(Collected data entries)
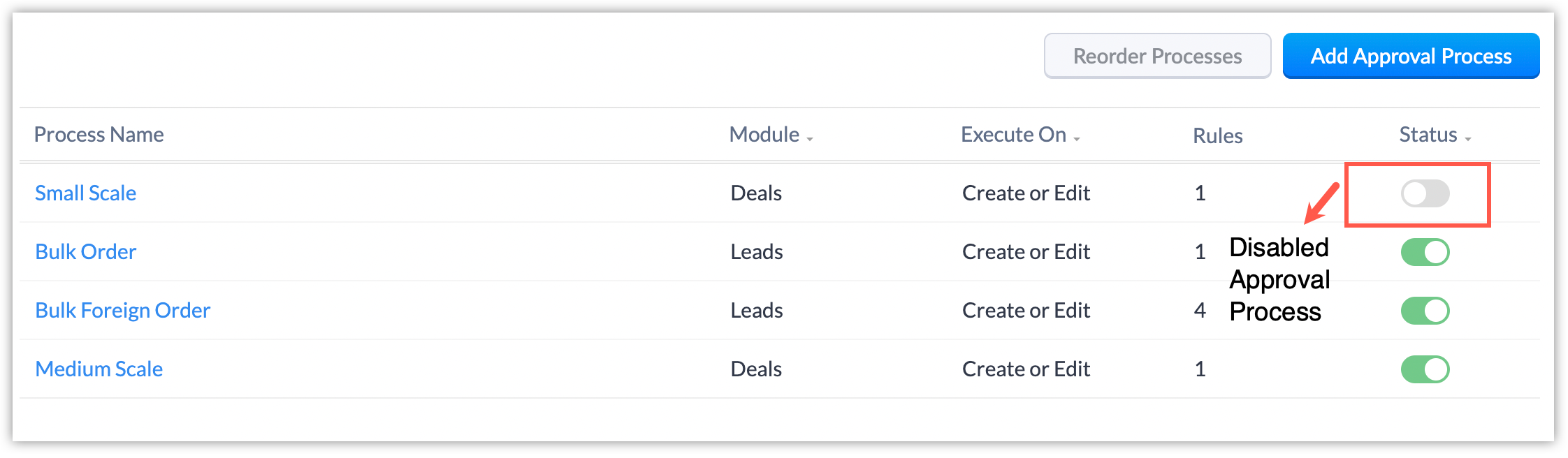たとえば、総額が50万円以上の商談に対して、「総額50万円以上の商談の承認経路」という承認プロセスを作成したとします。また、総額が80万円以上の商談に対して、「総額80万円以上の商談の承認経路」という別の承認プロセスを作成したとします。この場合、2つの承認プロセスは作成した順番で一覧に表示されます。
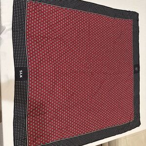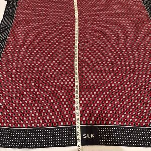 Stylish SLK scarf with a vibrant red and black pattern. Perfect for adding a pop of color to any outfit.
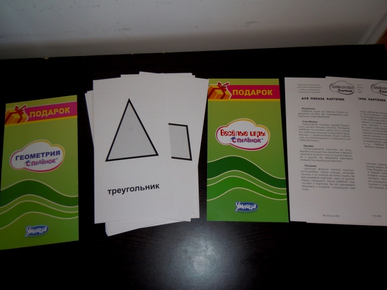 Геометрия с пеленок (23 фигуры) и набор Веселые игры - разные варианты игровых занятий с карточками.
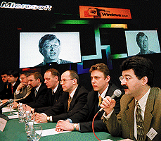 На утренней пресс-конференции кроме выступления менеджера по маркетингу Microsoft АО Гамида Костоева большой интерес вызвали сообщения представителей стратегических партнеров Microsoft - Compaq, Cisco Systems, Hewlett-Packard, Dell, IBM и др.
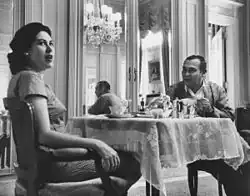 In a bid to profit from such an environment, Batista established lasting relationships with organized crime, notably with American mobsters Meyer Lansky and Lucky Luciano, and under his rule Havana became known as "the Latin Las Vegas".[50] Batista and Lansky formed a friendship and business relationship that flourished for a decade. During a stay at the Waldorf-Astoria in New York in the late 1940s, it was mutually agreed that, in return for kickbacks, Batista would give Lansky and the Mafia control of Havana's racetracks and casinos.[51] After World War II, Luciano was paroled from prison on the condition that he permanently return to Sicily. Luciano secretly moved to Cuba, where he worked to resume control over American Mafia operations. Luciano also ran a number of casinos in Cuba with the sanction of Batista, though the American government eventually succeeded in pressuring the Batista government to deport him.[52]
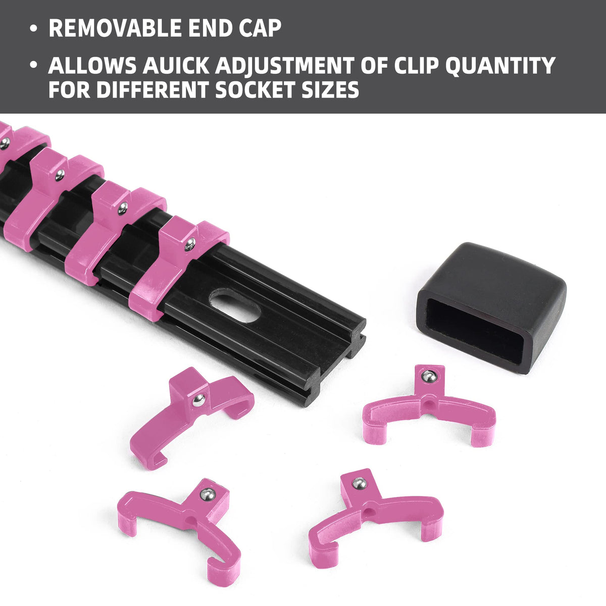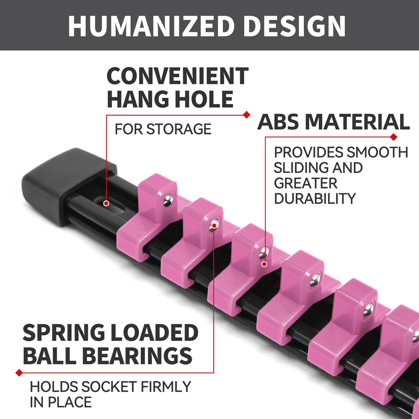 Reniteco Socket Organizer Drive Abs Tools - Pink Socket Holder, Premium Quality 12 Pieces Socket Holders Kit 1/4-Inch X 64 Clips, 3/8-Inch X 60 Clips, 1/2-Inch X 48 Clips(12Pc,Pink)
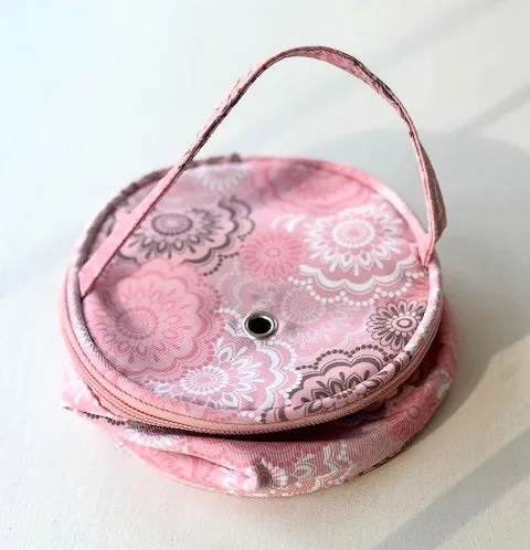 Create your project anywhere, on the go or at home. The handle is comfortable. The grommet/hole in the top lid lets you feed your working yarn through and the zipper closes the bag when not in use. They are totally collapsable for space saving storage. Perfectly practical~
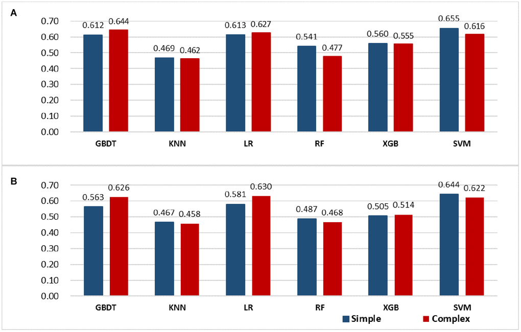 Machine learning algorithms were used based on scikit-learn, an open-source machine learning library, using Bayesian optimization to implement algorithm optimization, and cross-validation method (N-folds = 5) to complete algorithm evaluation during optimization. We used six different machine algorithms running for three 30-min sessions, including LR, Support Vector Machine (SVM), random forest (RF), XGBoost (XGB), gradient boosting decision tree (GBDT), and k-nearest neighbors (KNN), to compare algorithms and evaluate simple and complex models in primary and validation cohorts, respectively. The cohorts were compared by evaluation metrics as follows: 1) accuracy: the proportion of patients who were predicted as their actual status; 2) precision: the proportion of patients who actually had the disease and were predicted out of patients who were predicted as having the disease; 3) recall: the proportion of patients who were predicted as having disease out of all patients who actually had the disease, corresponding to sensitivity; 4) F1-score: the harmonic mean of precision and recall. F1 = 2Precision × recall/(precision + recall); and 5) balance error (ber): combining bias and variance to reflect the accuracy of the model.
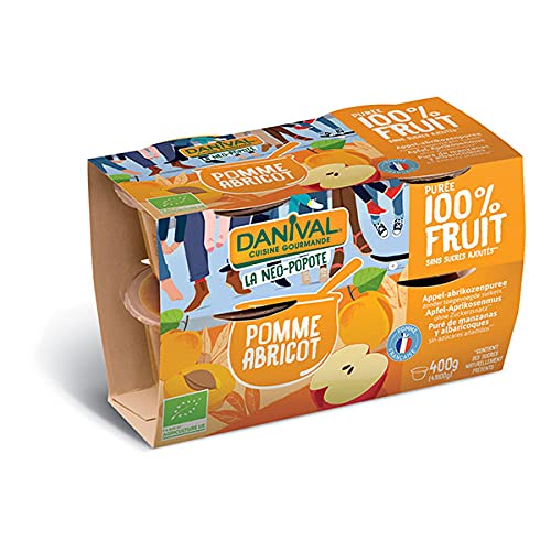 To vary the pleasures and enjoy the multiple benefits of fruits, DANIVAL offers you the recipe for 100 Apple-apricot puree! No added sugar. Capacity: 4 x 100g See the full descriptionOrganic Apple and Apricot Puree 4 x 100g. Danival. Individually packaged compote. Fruit compotes and purees. Organic compotes and desserts. Pour varier les plaisirs et profiter des multiples bienfaits des fruits, DANIVAL vous propose la recette de purée 100 Pommes-abricots! Sans sucres ajoutés. Contenance : 4 x 100g Voir le descriptif completPurée Pommes abricots BIO 4 x 100g. Danival. Compote en pot individuel. Compotes et purées de fruits. Compote et dessert bio.
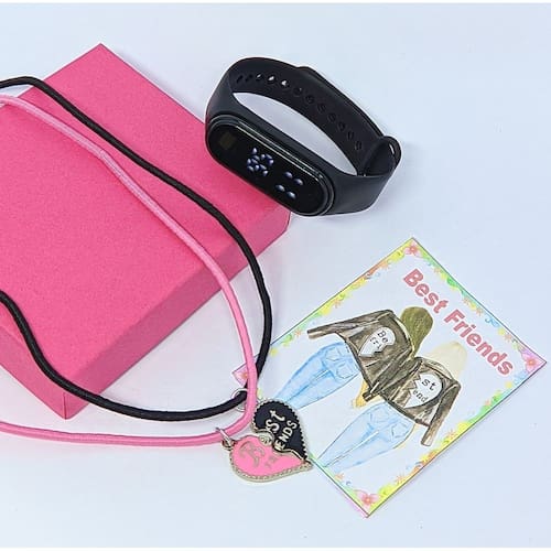 Kit Relógio Infantil Digital Led Silione Esporte Menina Menino + Colares Amizade Best Friends Pingente Desenho Animado - Genero: Feminino / Cor: Preto
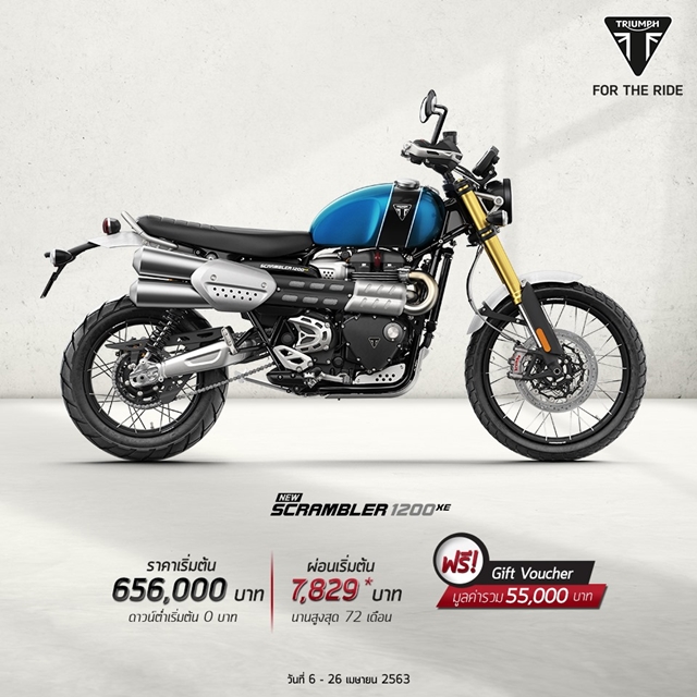 - สแครมเบลอร์ 1200 เอ็กซ์ซี (Scrambler 1200 XC) ราคา 613,000 บาท และ สแครมเบลอร์ 1200 เอ็กซ์อี (Scrambler 1200 XE) ราคา 656,000 บาท มอเตอร์ไซค์โมเดิร์นคลาสสิกที่เป็นที่สุดของการขับขี่เพื่อสายลุยตัวจริง รับฟรีทันที Gift Voucher แทนเงินสดมูลค่า 50,000 บาท พร้อม Gift Voucher สำหรับเสื้อผ้า มูลค่า 5,000 บาท
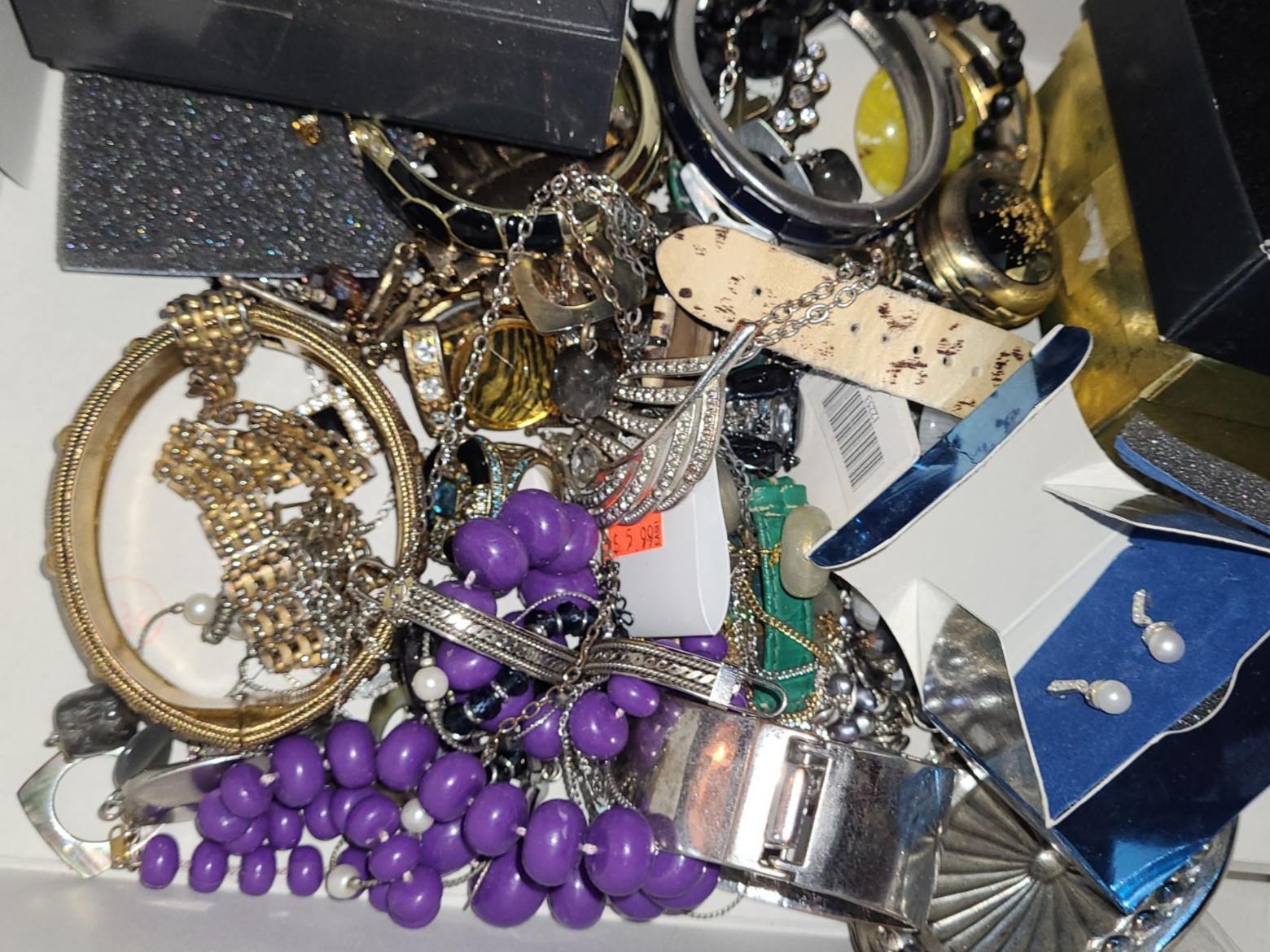 Costume Jewelry (11): Bracelets, Necklaces, Avon Earrings (New in Box), Other Pieces

(Task to carry out):
Strip out the pictures and quote the remaining data word for word.

(Exercise answer):
たとえば、総額が50万円以上の商談に対して、「総額50万円以上の商談の承認経路」という承認プロセスを作成したとします。また、総額が80万円以上の商談に対して、「総額80万円以上の商談の承認経路」という別の承認プロセスを作成したとします。この場合、2つの承認プロセスは作成した順番で一覧に表示されます。
 Stylish SLK scarf with a vibrant red and black pattern. Perfect for adding a pop of color to any outfit.
 Геометрия с пеленок (23 фигуры) и набор Веселые игры - разные варианты игровых занятий с карточками.
 На утренней пресс-конференции кроме выступления менеджера по маркетингу Microsoft АО Гамида Костоева большой интерес вызвали сообщения представителей стратегических партнеров Microsoft - Compaq, Cisco Systems, Hewlett-Packard, Dell, IBM и др.
 In a bid to profit from such an environment, Batista established lasting relationships with organized crime, notably with American mobsters Meyer Lansky and Lucky Luciano, and under his rule Havana became known as "the Latin Las Vegas".[50] Batista and Lansky formed a friendship and business relationship that flourished for a decade. During a stay at the Waldorf-Astoria in New York in the late 1940s, it was mutually agreed that, in return for kickbacks, Batista would give Lansky and the Mafia control of Havana's racetracks and casinos.[51] After World War II, Luciano was paroled from prison on the condition that he permanently return to Sicily. Luciano secretly moved to Cuba, where he worked to resume control over American Mafia operations. Luciano also ran a number of casinos in Cuba with the sanction of Batista, though the American government eventually succeeded in pressuring the Batista government to deport him.[52]
 Reniteco Socket Organizer Drive Abs Tools - Pink Socket Holder, Premium Quality 12 Pieces Socket Holders Kit 1/4-Inch X 64 Clips, 3/8-Inch X 60 Clips, 1/2-Inch X 48 Clips(12Pc,Pink)
 Create your project anywhere, on the go or at home. The handle is comfortable. The grommet/hole in the top lid lets you feed your working yarn through and the zipper closes the bag when not in use. They are totally collapsable for space saving storage. Perfectly practical~
 Machine learning algorithms were used based on scikit-learn, an open-source machine learning library, using Bayesian optimization to implement algorithm optimization, and cross-validation method (N-folds = 5) to complete algorithm evaluation during optimization. We used six different machine algorithms running for three 30-min sessions, including LR, Support Vector Machine (SVM), random forest (RF), XGBoost (XGB), gradient boosting decision tree (GBDT), and k-nearest neighbors (KNN), to compare algorithms and evaluate simple and complex models in primary and validation cohorts, respectively. The cohorts were compared by evaluation metrics as follows: 1) accuracy: the proportion of patients who were predicted as their actual status; 2) precision: the proportion of patients who actually had the disease and were predicted out of patients who were predicted as having the disease; 3) recall: the proportion of patients who were predicted as having disease out of all patients who actually had the disease, corresponding to sensitivity; 4) F1-score: the harmonic mean of precision and recall. F1 = 2Precision × recall/(precision + recall); and 5) balance error (ber): combining bias and variance to reflect the accuracy of the model.
 To vary the pleasures and enjoy the multiple benefits of fruits, DANIVAL offers you the recipe for 100 Apple-apricot puree! No added sugar. Capacity: 4 x 100g See the full descriptionOrganic Apple and Apricot Puree 4 x 100g. Danival. Individually packaged compote. Fruit compotes and purees. Organic compotes and desserts. Pour varier les plaisirs et profiter des multiples bienfaits des fruits, DANIVAL vous propose la recette de purée 100 Pommes-abricots! Sans sucres ajoutés. Contenance : 4 x 100g Voir le descriptif completPurée Pommes abricots BIO 4 x 100g. Danival. Compote en pot individuel. Compotes et purées de fruits. Compote et dessert bio.
 Kit Relógio Infantil Digital Led Silione Esporte Menina Menino + Colares Amizade Best Friends Pingente Desenho Animado - Genero: Feminino / Cor: Preto
 - สแครมเบลอร์ 1200 เอ็กซ์ซี (Scrambler 1200 XC) ราคา 613,000 บาท และ สแครมเบลอร์ 1200 เอ็กซ์อี (Scrambler 1200 XE) ราคา 656,000 บาท มอเตอร์ไซค์โมเดิร์นคลาสสิกที่เป็นที่สุดของการขับขี่เพื่อสายลุยตัวจริง รับฟรีทันที Gift Voucher แทนเงินสดมูลค่า 50,000 บาท พร้อม Gift Voucher สำหรับเสื้อผ้า มูลค่า 5,000 บาท
 Costume Jewelry (11): Bracelets, Necklaces, Avon Earrings (New in Box), Other Pieces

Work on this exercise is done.